The case against ACL repair
Prof. Nick London has concerns about those marketing ACL repair as a viable option for children and young people.
Earlier this year, my Yorkshire Knee Clinic colleague Jim Newman published a post which looked at the worrying survival rates of ACL repairs (as opposed to ACL reconstructions). I’m not going to repeat Jim’s points (although they’re well worth reading here), but it’s worth a very quick recap on the difference between repair and reconstruction.
ACL reconstruction is the accepted way to resolve a torn ACL. It uses a graft from elsewhere in the body (a hamstring, for example) which acts as a scaffold around which new tissue can grow. ACL reconstruction success rates are good – about 97%.
ACL repair is different. Here, the ligament is stitched back together using a brace to support the healing process. Success rates are considerably less impressive. As Jim noted, The Orthopaedic Journal of Sports Medicine found “Failure-free survival in the repair group was less than 50% at two years.”
Making the vulnerable more vulnerable
My concern – and it’s a major concern – is that ACL repair is a treatment being specifically marketed at children and young people – our most vulnerable patients. Faced with a lengthy spell out of the sport they love, who wouldn’t opt for a procedure that can effectively halve the time they spend on the sidelines? And who wouldn’t be swayed by slick marketing that trumpets ACL repair as the treatment of the future?
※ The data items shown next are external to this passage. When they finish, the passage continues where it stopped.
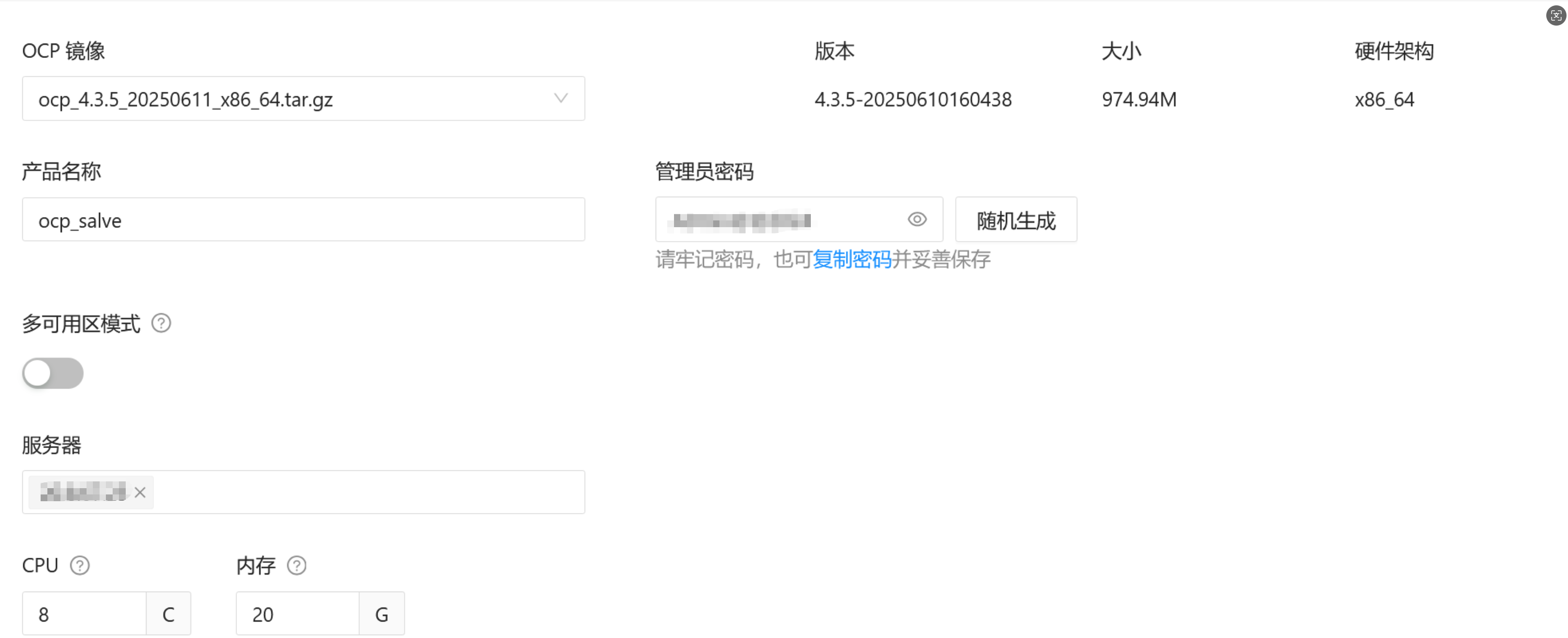选择对应架构的ocp版本-输入产品名称、密码及安装服务器。
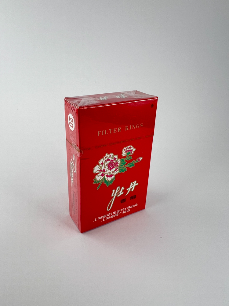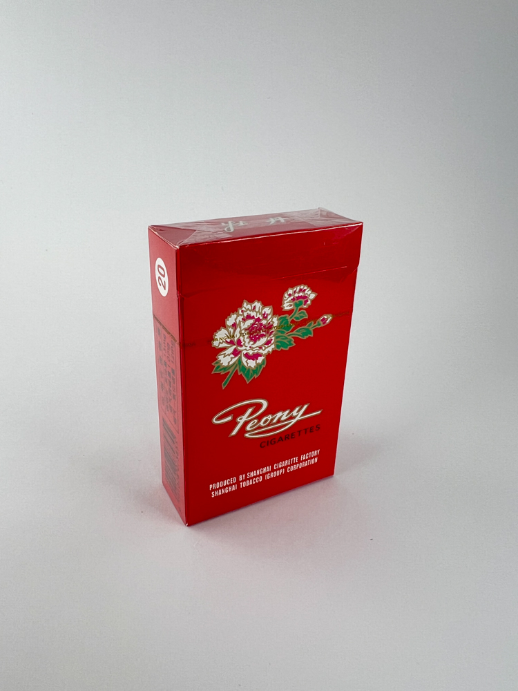 The Peony (牡丹) cigarette pack is one of the most iconic examples of classical Chinese design – a bright red background with a peony in the center. peony) – considered a symbol of honor, wealth and prestige in China. The pack was created at the Shanghai Tobacco Group factory and is intended for the domestic market. On one side is the English version „Peony Cigarettes“, on the other – Chinese inscriptions with the tag „Filter Kings“.
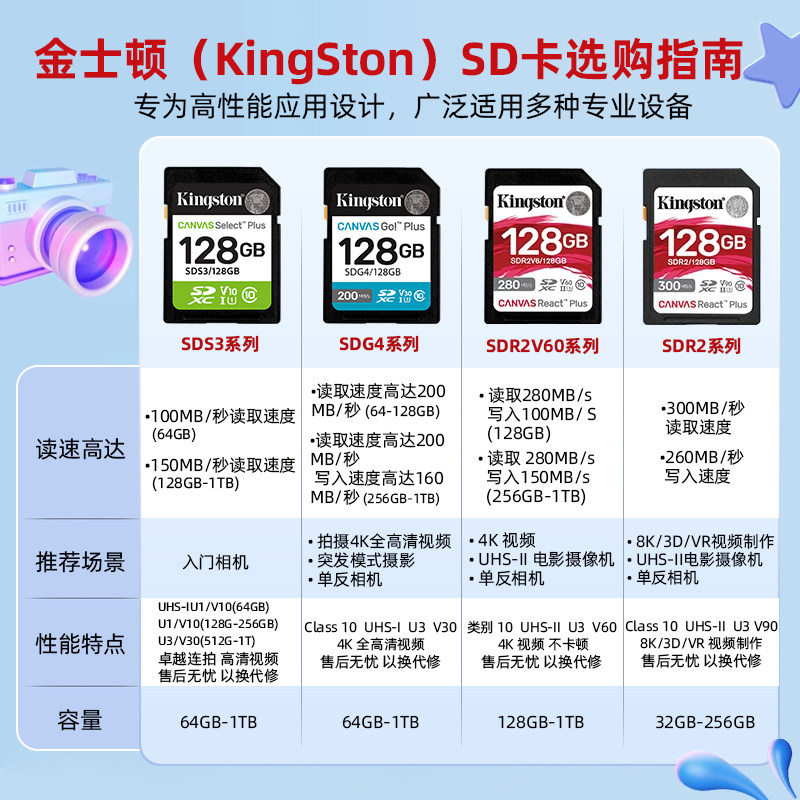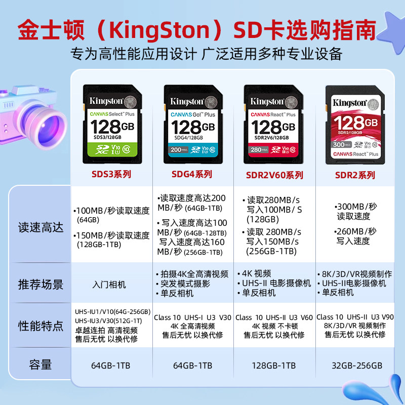 金士顿官方128G相机内存卡256g高清4K索尼佳能富士尼康通用卡sd卡

Yet the increased failure rate of the procedure isn’t the only worrying element here.
High volume = higher success
There is a bit of a vogue for paediatric surgeons to take on this sort of surgery, but paediatric orthopaedic surgeons don’t specialise in the knee. They could be managing any number of musculoskeletal procedures and may well carry out only very small numbers of ACL reconstructions.
I believe that ACL reconstruction in children and adults should be performed by experienced knee specialists. By that, I mean knee ligament surgeons who carry out high numbers of such procedures every year – because it is only through carrying out high volumes that a surgeon becomes adept at dealing with the unusual and unexpected.
And if that’s the case with ACL reconstruction, then it’s surely doubly so for still largely experimental techniques such as ACL repair.
We need to be careful not to eliminate ACL repair as a potentially viable treatment for the future. It is possible that the technique could prove useful in selected patients in the future. The evidence to date may be that too many of these new techniques fail, but that could conceivably change.
And even with that worryingly high failure rate, you could perhaps make the argument for accepting a higher risk if the benefits of success were high, and failure didn’t prevent traditional ACL reconstruction from being the fallback option.
But we don’t have the evidence that this is a benign operation. So my concern is that in opting for ACL repair, you have an operation which may muddy the waters for successful reconstructive surgery further down the line.
We can’t accept that.
That’s why, in my opinion, ACL repair should only be carried out as part of carefully controlled clinical trials. It should certainly not be marketed as the technique of the future. And it absolutely must not be targeted at – and prey on the sporting hopes of – children, young people and athletes – and we know that is happening in some quarters.
We already have tried and tested techniques for ACL reconstruction performed by high volume knee specialists. Our most vulnerable patients deserve nothing less.